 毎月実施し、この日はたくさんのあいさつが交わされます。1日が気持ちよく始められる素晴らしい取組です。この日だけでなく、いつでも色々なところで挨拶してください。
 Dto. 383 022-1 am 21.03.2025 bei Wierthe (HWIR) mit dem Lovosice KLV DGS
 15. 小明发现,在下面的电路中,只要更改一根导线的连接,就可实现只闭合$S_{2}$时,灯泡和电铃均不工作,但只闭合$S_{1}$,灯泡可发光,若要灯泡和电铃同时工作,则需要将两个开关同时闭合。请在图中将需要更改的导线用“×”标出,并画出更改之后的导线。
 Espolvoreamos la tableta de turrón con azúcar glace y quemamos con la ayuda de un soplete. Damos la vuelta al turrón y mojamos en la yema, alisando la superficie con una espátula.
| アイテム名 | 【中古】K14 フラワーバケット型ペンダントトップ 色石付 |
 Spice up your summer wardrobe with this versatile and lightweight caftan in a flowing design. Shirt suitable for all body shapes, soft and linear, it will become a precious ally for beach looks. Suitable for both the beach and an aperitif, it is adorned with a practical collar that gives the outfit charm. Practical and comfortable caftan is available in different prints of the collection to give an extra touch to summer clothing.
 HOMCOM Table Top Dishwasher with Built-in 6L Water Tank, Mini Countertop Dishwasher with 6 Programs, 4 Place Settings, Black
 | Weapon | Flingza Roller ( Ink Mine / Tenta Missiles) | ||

□ □ □

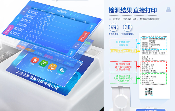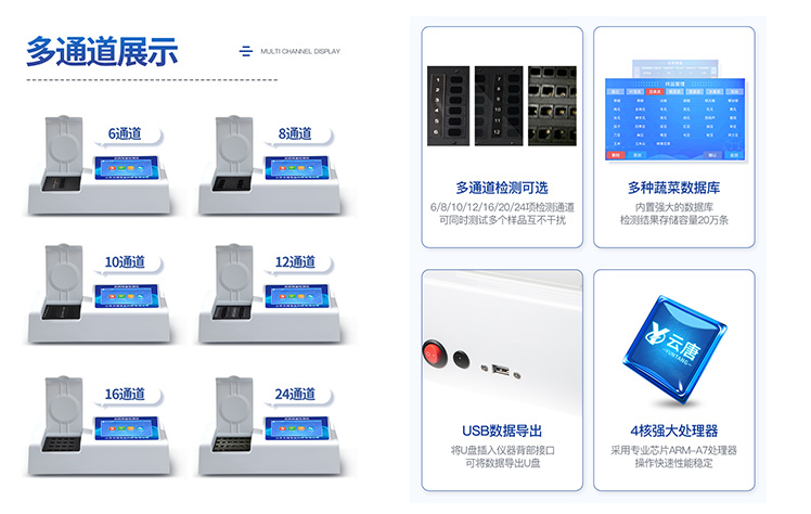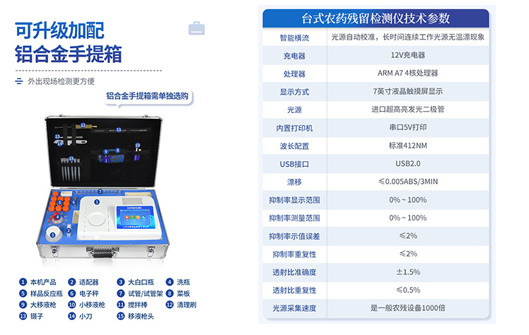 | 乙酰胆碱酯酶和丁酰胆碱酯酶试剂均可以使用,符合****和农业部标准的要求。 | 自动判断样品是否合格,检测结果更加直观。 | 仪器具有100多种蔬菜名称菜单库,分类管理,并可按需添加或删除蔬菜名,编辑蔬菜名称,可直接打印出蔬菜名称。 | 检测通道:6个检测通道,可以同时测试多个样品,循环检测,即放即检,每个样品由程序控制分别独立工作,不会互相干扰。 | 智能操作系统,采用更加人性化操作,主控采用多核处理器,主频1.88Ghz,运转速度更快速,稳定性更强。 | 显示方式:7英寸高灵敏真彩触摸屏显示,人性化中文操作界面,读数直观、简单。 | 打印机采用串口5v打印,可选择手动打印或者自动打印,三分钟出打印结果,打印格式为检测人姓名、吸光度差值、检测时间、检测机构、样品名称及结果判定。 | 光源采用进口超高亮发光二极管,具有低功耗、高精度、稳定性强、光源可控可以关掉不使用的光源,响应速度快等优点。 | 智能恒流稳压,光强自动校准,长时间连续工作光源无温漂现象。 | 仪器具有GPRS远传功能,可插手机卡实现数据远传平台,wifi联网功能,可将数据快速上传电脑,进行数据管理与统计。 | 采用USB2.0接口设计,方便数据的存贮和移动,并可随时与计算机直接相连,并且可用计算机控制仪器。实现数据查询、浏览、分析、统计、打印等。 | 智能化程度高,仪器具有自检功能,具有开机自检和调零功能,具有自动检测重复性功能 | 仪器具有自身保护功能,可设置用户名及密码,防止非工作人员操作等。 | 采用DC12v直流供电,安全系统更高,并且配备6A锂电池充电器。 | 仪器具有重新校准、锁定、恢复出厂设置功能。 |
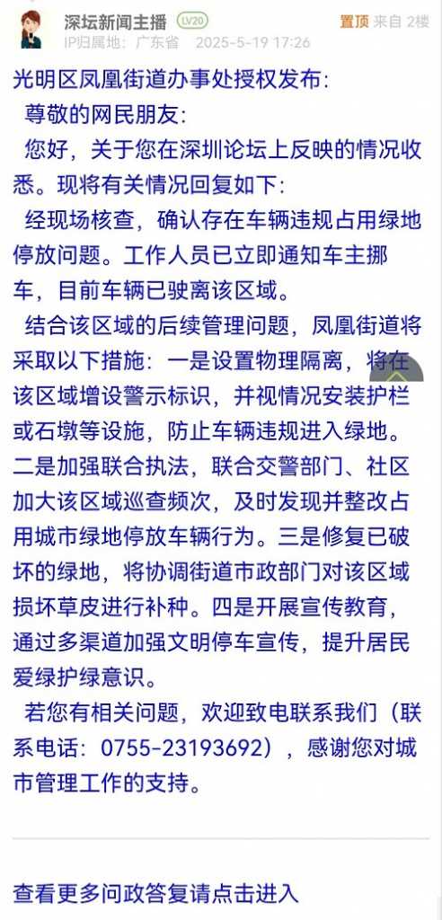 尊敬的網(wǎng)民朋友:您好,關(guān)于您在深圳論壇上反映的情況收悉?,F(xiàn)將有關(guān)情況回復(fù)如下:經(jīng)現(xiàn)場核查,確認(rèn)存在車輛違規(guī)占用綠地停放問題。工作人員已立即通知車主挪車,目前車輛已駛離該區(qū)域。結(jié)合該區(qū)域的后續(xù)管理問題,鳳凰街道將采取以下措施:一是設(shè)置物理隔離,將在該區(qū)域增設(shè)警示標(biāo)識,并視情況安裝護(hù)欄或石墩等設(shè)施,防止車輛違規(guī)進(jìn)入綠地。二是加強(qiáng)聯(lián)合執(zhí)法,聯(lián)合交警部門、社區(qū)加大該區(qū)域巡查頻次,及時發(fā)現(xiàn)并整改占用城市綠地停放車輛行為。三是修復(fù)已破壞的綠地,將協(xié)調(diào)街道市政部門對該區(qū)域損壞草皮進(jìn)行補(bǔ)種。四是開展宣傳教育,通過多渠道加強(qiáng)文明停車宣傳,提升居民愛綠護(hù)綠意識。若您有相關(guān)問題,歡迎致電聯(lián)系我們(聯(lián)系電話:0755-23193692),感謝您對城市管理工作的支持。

□ □ □

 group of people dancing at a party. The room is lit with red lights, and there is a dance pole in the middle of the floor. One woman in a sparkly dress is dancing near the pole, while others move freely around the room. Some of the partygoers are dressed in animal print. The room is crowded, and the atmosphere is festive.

□ □ □

• PROBLEM TO SOLVE:
Could you repeat exactly the lines in the listing above from the one with "毎月実施し、この日はたくさん" down to the one with "Missiles) | ||"? Include both of those lines.

• FINAL ANSWER:
 毎月実施し、この日はたくさんのあいさつが交わされます。1日が気持ちよく始められる素晴らしい取組です。この日だけでなく、いつでも色々なところで挨拶してください。
 Dto. 383 022-1 am 21.03.2025 bei Wierthe (HWIR) mit dem Lovosice KLV DGS
 15. 小明发现,在下面的电路中,只要更改一根导线的连接,就可实现只闭合$S_{2}$时,灯泡和电铃均不工作,但只闭合$S_{1}$,灯泡可发光,若要灯泡和电铃同时工作,则需要将两个开关同时闭合。请在图中将需要更改的导线用“×”标出,并画出更改之后的导线。
 Espolvoreamos la tableta de turrón con azúcar glace y quemamos con la ayuda de un soplete. Damos la vuelta al turrón y mojamos en la yema, alisando la superficie con una espátula.
| アイテム名 | 【中古】K14 フラワーバケット型ペンダントトップ 色石付 |
 Spice up your summer wardrobe with this versatile and lightweight caftan in a flowing design. Shirt suitable for all body shapes, soft and linear, it will become a precious ally for beach looks. Suitable for both the beach and an aperitif, it is adorned with a practical collar that gives the outfit charm. Practical and comfortable caftan is available in different prints of the collection to give an extra touch to summer clothing.
 HOMCOM Table Top Dishwasher with Built-in 6L Water Tank, Mini Countertop Dishwasher with 6 Programs, 4 Place Settings, Black
 | Weapon | Flingza Roller ( Ink Mine / Tenta Missiles) | ||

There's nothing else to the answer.